In exile, Brutus continued his fight for non-racial athletics. His principal role in the Sports African Sports Association (later the South African Non-Racial Olympic Committee) was instrumental in getting South Africa banned from the Olympics starting from the 1964 Tokyo Olympics up until the 1992 Barcelona Olympics. His political activity, ranging from testifying before the United Nations Special Committee on Apartheid to serving as an African National Congress delegate, earned him placement on South African intelligence files as “one of the 20 most dangerous South African political figures overseas” (McLuckie 28) – evidencing his claim in “I am the tree” that “I am the voice / crying in the night / that cries endlessly” (Brutus, “Simple Lust” 106).

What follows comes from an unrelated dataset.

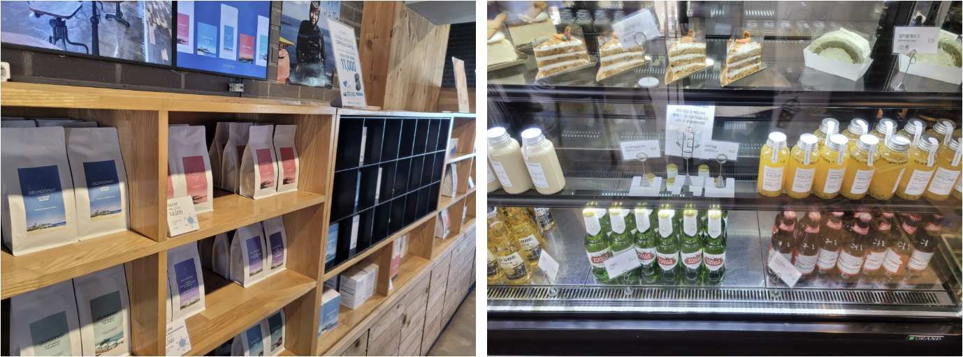 다양한 종류의 커피를 소포장하여 판매도 하고 있어요. 선물용으로 많은 사람들이 구입하는 인기 품목이랍니다. 생과일을 비롯한 쥬스들도 맛이 좋아서 더운 여름날의 열기를 단번에 씻어 줍니다. 시원한 과일 쥬스 마시고 싶지 않으신가요!

In parallel, Masekela and Makeba responded to Masekela’s own question posed in “Stimela” – “Where were you men when the children were facing guns and throwing stones?” Because of the public nature of music, significantly more than that of poetry, the two musicians could directly use their musical fame to become political forces for their nation and those that had been persecuted.
Makeba became known as ‘Mama Africa’ for her celebration of African culture and active support of independent African nations, singing at such events as the Festival of African Culture and the birth of the Organisation of African Unity, a meeting of independent African countries. She also indeed became the spokesperson for South Africa, as Belafonte predicted. She spoke several times at the United Nations before the Special Committee on Declonisation and the Special Committee Against Apartheid. She gained the ears of individuals ranging from international leaders to American celebrities. Furthermore, Makeba and Masekela were both influential in the creation of the South African Students Abroad, an organization to help South African students in exile.
The musical tours they were part of became political themselves. Makeba and Masekela both joined Paul Simon’s Graceland Tour. The tour became controversial because Simon had recorded in South Africa, a violation to the cultural boycott that the United Nations had placed on South Africa. However, the political aims of the two musicians are displayed through their commitment to the tour. Masekela explains:

This show not only gave them awareness, but inspired them enough to begin questioning their country’s association with the South Africa regime and demanding that all ties with that country be terminated (Masekela 345)

The two artists had become leaders, choosing for themselves the best opportunities to “expose the South African situation to more people around the world” (Makeba 199).